The Gray Fossil Site provides a unique view of the MioPliocene of eastern North America. Intermixed within the oak-hickory subtropical habitat were faunal components (i) typical of the late Hemphillian of North America, (ii) unique components with distinct Asian affinities, and (iii) now, with the Heloderma presented here, taxa presently restricted to arid and tropical environments of Mexico. Clearly the onset of the Plio-Pleistocene cooling events altered the mosaic of floral and faunal species in the communities of the southern Appalachians as well as elsewhere in North America. Tihen (1964: 278–279) presented a then-merging theme, “The present [herpetofaunal] groups inhabitating temperate North America derive from three main sources: (a) relicts of groups that were widespread in the early Tertiary; (b) groups entering from ‘the north’—eventually Eurasia—between the mid-Oligocene and mid-Pliocene; (c) groups entering from ‘the south’—Central America … this ‘southern’ contribution is more extensive than is usually realized.” Consequently, the Heloderma record presented here further corroborates Tihen's model.
Three lizard osteoderms were recovered from the Hemphillian-age (latest Miocene—early Pliocene) sediments at the Gray Fossil Site in northeastern Tennessee.
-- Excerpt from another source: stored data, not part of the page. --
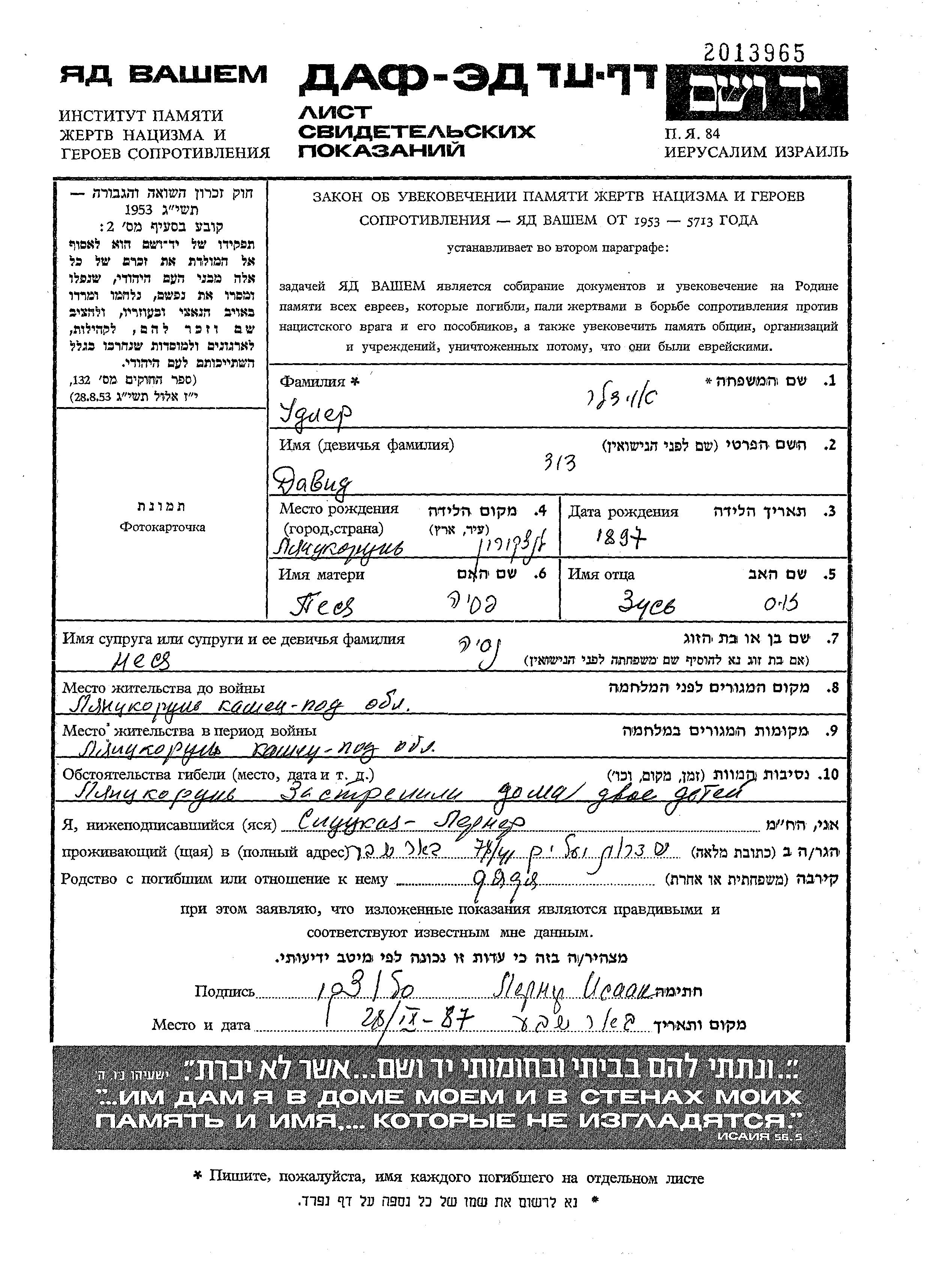 David wurde in der Schoah ermordet. Todesort: Laskorun, Ukraine (UdSSR).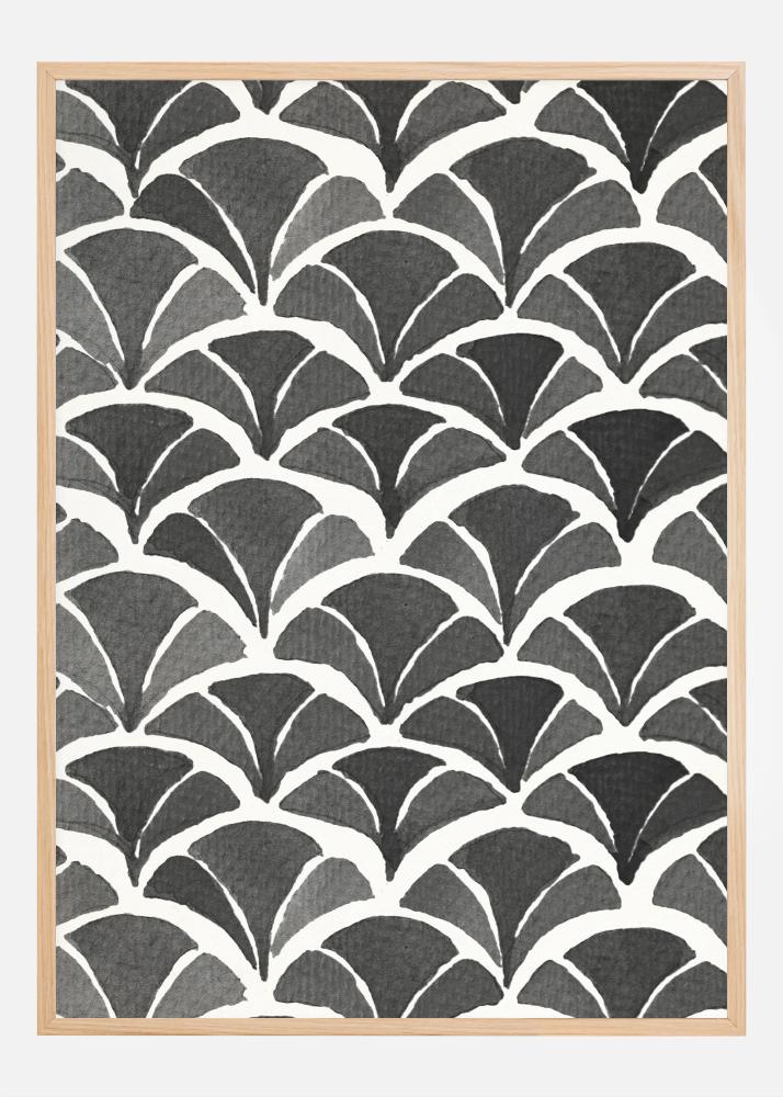 Geben Sie Ihrem Raum einen Hauch von künstlerischer Eleganz mit diesem Poster, das ein fesselndes Muster aus Blattfedern in Schwarz und Weiß aufweist. Dieses Druckstück hat ein sich wiederholendes Muster, das an Vintage-Ventilatoren erinnert, die rhythmisch über die gesamte Oberfläche arrangiert sind, um ein Gefühl von Bewegung und Symmetrie zu erzeugen. Der stilvolle Kontrast zwischen Schwarz und Weiß verleiht einen klassischen Look, der in viele verschiedene Einrichtungsstile und Umgebungen passt.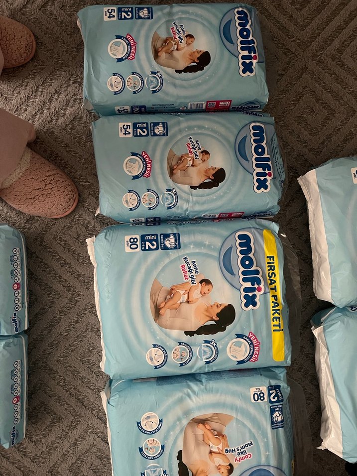 Molfix Mini bebek bezleri, 3-6 kg bebekler için 54'lü paket halinde ve 80 li . Yumuşak, yüksek emici ve cilt dostudur. Çok uyguna koyuyorum toplam 270 adet bez var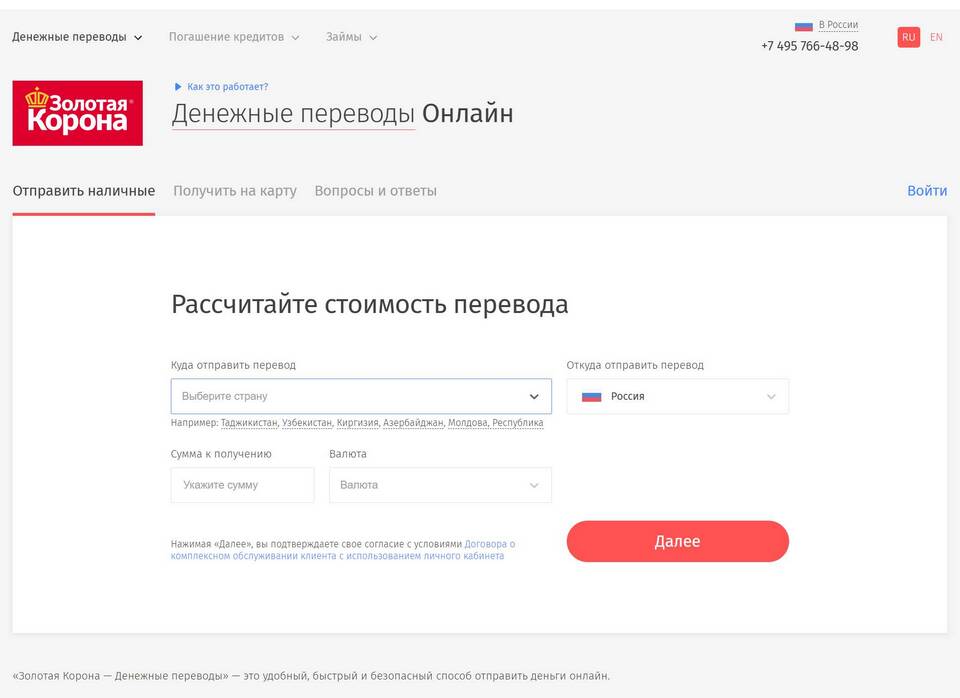 - Запомните или запишите контрольный номер перевода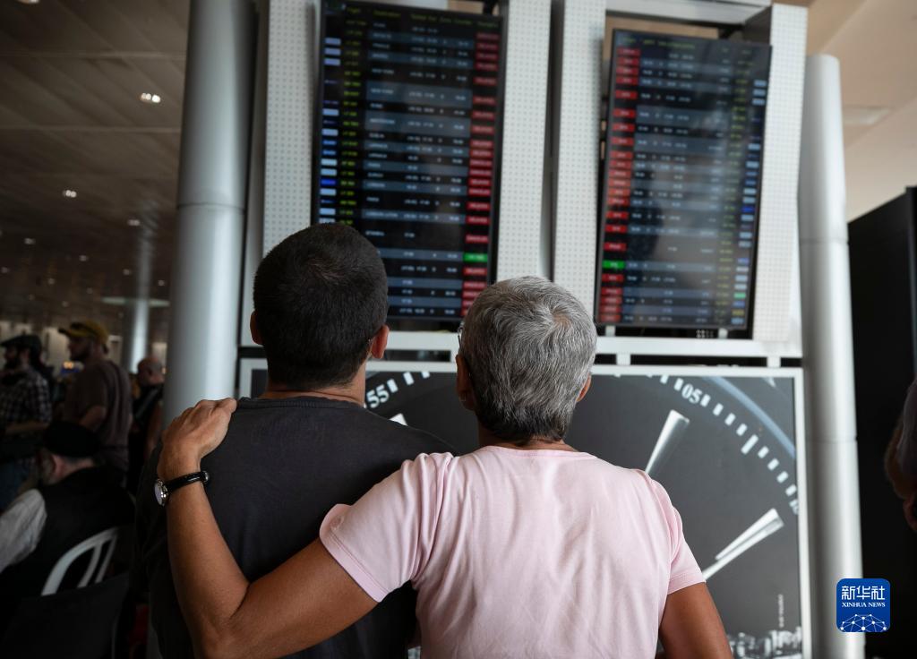 當日,記者在以色列本-古里安國際機場(chǎng)看到大量航班取消或延誤的信息,部分旅客滯留在機場(chǎng)內。新一輪巴以沖突以來(lái),該機場(chǎng)在多個(gè)地方設置醒目的避難場(chǎng)所標識。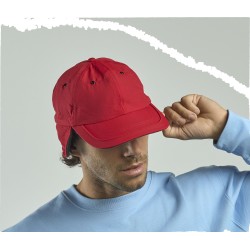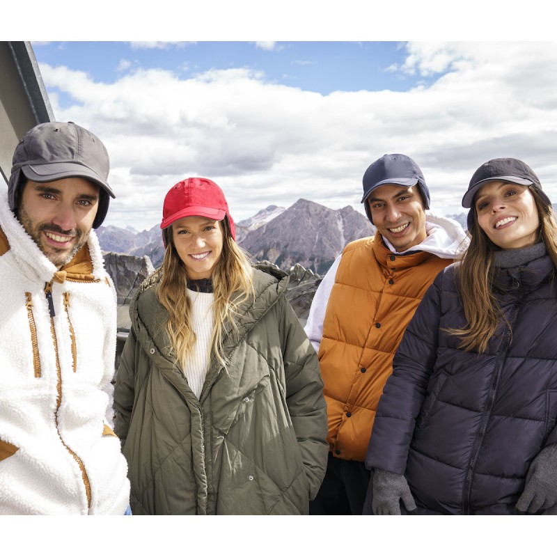 Outdoor winter hat with ear flaps made of recycled nylon. Water repellent outside and recycled polar fleece inside. Unstructured front panels and curved visor. Adjustable closure with elastic drawstrings and stopper.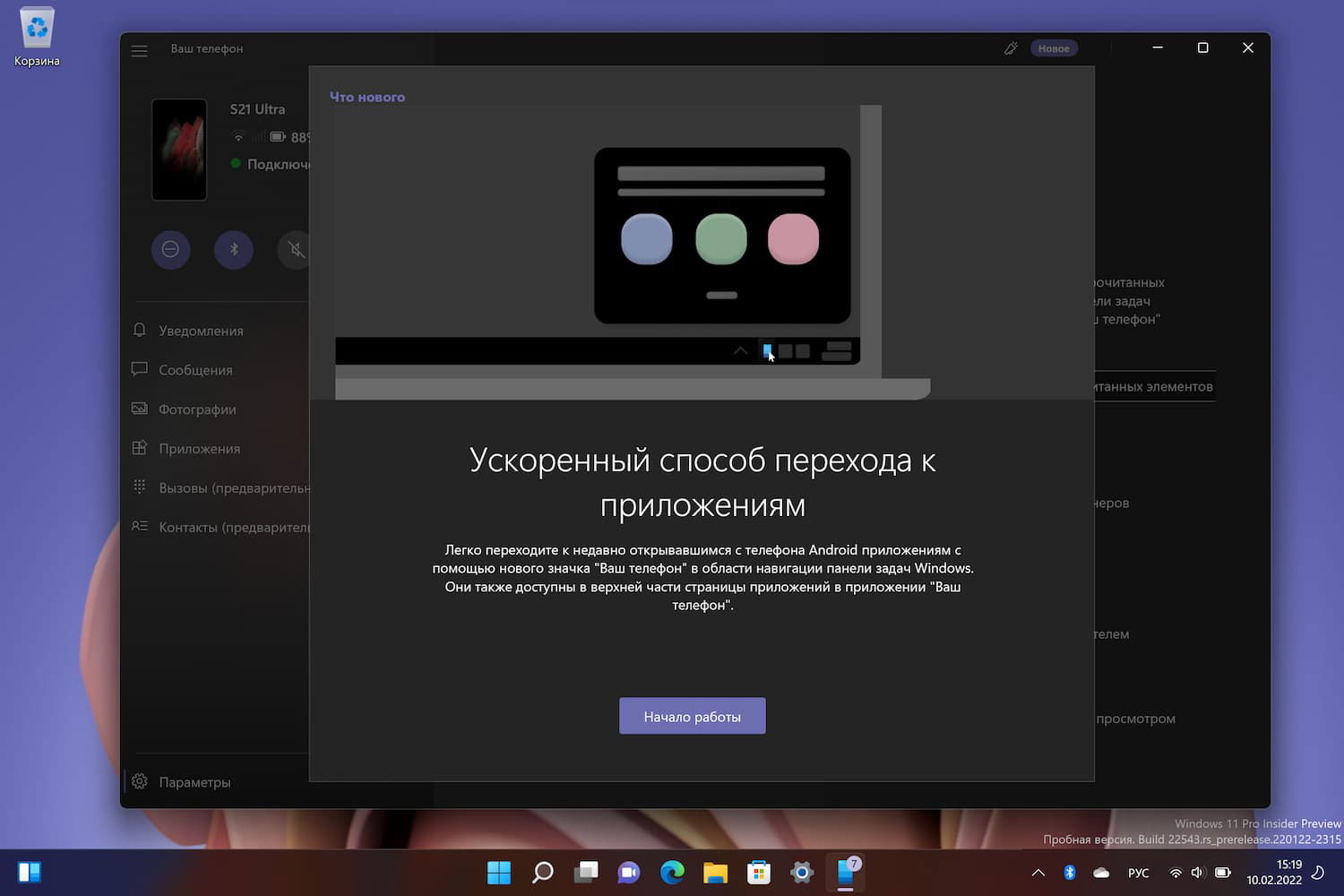 - Функция добавляет значок «Ваш телефон» в системный трей для быстрого доступа к Android-приложениям, которые вы недавно использовали на смартфоне.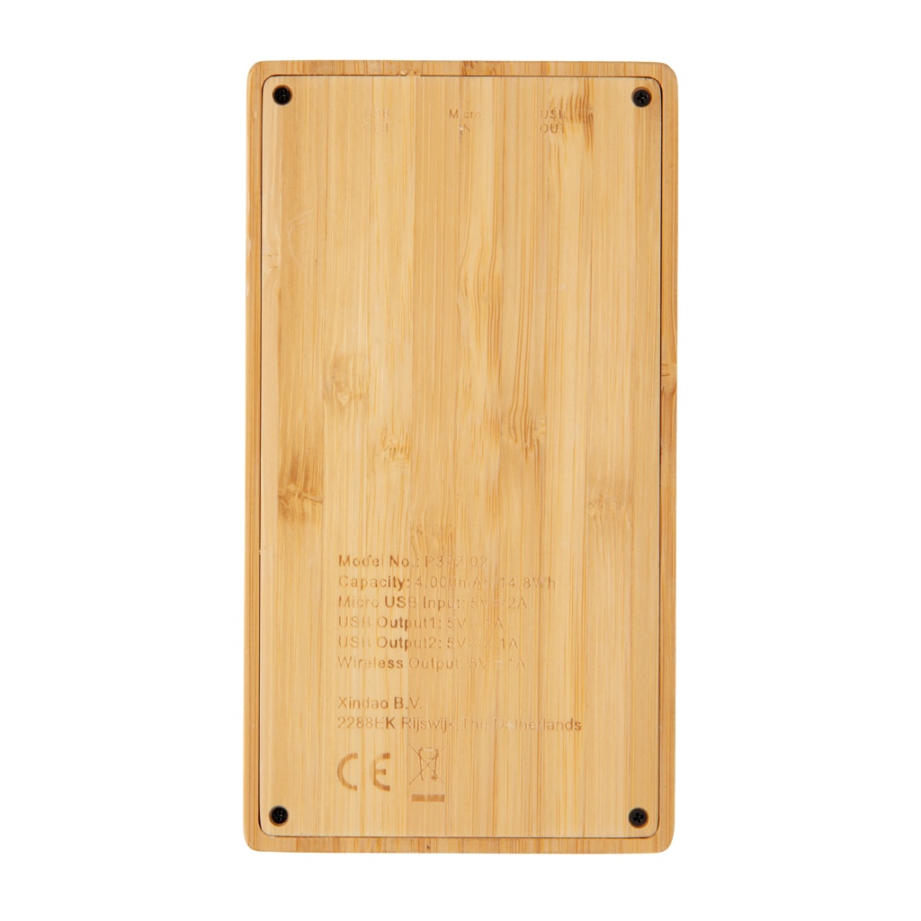 Logo trade promotional merchandise picture of: Bamboo 4.000 mAh wireless 5W Powerbank

A review of osteoderm morphology of extinct and extant lizards of Monstersauria led to the discovery of a ring-extension that can surround or partly surround the osteosderms of both the cranium and body, character identified here as an apomorphy for Heloderma. This genus then once inhabited an oak-hickory subtropical forest surrounding a pond environment that contained abundant remains of fishes, neotenic salamanders, aquatic turtles, and numerous Alligator. The forest, with many species of climbing vines, was also inhabited by, among others, species of lesser panda, Eurasian badger, rhino, small bear, sabre-toothed cat, various artiodactyls, multiple terrestrial salamanders, fossorial lizards, snakes, and the beaded lizard Heloderma. We show that Heloderma was present during the Miocene from at least middle Hemingfordian to the latest Hemphillian Land Mammal Ages in tropical to subtropical environments in southeastern North America.
We appreciate the help of Jeff Supplee, Brian Compton, April Nye, Shawn Haugrud, Brett Woodward, and Jeanne Zavada, all members of ETMNH and Gray Fossil Site. We thank Christopher J. Bell (University of Texas at Austin, USA), Randy Nydam (Midwestern University, Glendale, Arizona, USA), and Jozef Klembara (Comenius University in Bratislava, Slovakia) for their continued assistance and discussions about extant and fossil anguimormph lizards. We thank Richard Hulbert (Florida Museum of Natural History, Florida, USA) for the loan of the Thomas Farm helodermatid remains. We appreciate discussions with Yu-Sheng Christopher Liu and Diana Ochoa-Lozano (ETMNH) about the botanical remains recovered from the Gray Fossil Site. Helpful reviews and discussions were received from Marc L. Augé (Muséum national d'Hisitoire naturelle, France), Michael Benton (University of Bristol, UK), Bhart-Anjan S. Bhullar (Harvard University, Massachusetts, USA), and Robert Sullivan (State Museum of Pennsylvania, USA). Partial funding for this project was received from National Science Foundation Award 0958985 to co-authors SCW and BWS.